A typical training day in which a lifter is training to failure may start with a few sets of high repetitions with lighter weights. As the workout progresses, the lifter will often do fewer repetitions at higher weights until he or she is lifting his or her maximum weight. This workout is called a pyramid workout, and it can be done without training to failure. A lifter who is training to failure, however, will continue to lift the maximum weight until the muscles can no longer support the weight at all, whereas a lifter who is not participating in failure training may stop after only one or two repetitions of the max weight.
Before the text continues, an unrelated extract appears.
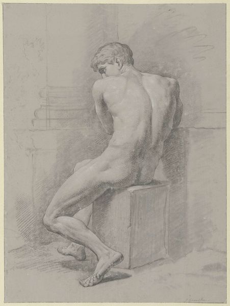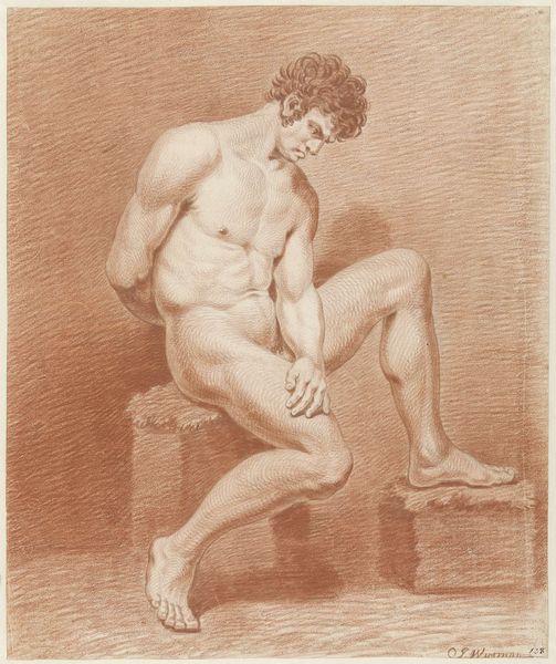 Eugène Delacroix created this Male Academy Figure using brown wash on paper, a traditional medium and method for academic study. The sepia wash, applied in layers, builds up the figure's muscular form and contours, giving weight and depth to the subject. The artist has paid close attention to the play of light and shadow on the model's body, rendered through subtle gradations of tone. The layered brushstrokes and the way the wash settles into the paper create a sense of texture, enhancing the three-dimensionality of the figure. But beyond the artistic skill on display, it is important to reflect on the wider social and economic implications of this type of work. The 'academy figure' was a staple of artistic training in the 19th century, with artists honing their craft by drawing or painting live models. This raises questions about labor, class, and the commodification of the human body. Understanding the materials and processes behind this artwork invites us to look beyond the surface and consider the broader cultural context in which it was made.

Training to failure does not necessarily have to be done in conjunction with a pyramid workout. A lifter can do many repetitions at a lower weight and still train to failure, though it may take longer to do so. Many lifters believe this is a more beneficial way to train to failure, as the muscles get more of a workout and blood flow is stimulated to the muscles more thoroughly and for a prolonged period of time. Other lifters may train to failure simply by using the maximum weight for as many repetitions as possible. A lifter can continue to train after failure has been achieved by lowering the amount of weight lifted or by changing positions, though this increases the likelihood of injury.
Overtraining is very possible when training to failure. Overtraining occurs when the muscles of the body do not have sufficient time to recover after a workout, which can in turn lead to a plateau in one's training. It can also be counterproductive, leading to muscle or fitness loss. Extra time may be necessary after a failure training workout to allow the muscles to recover sufficiently.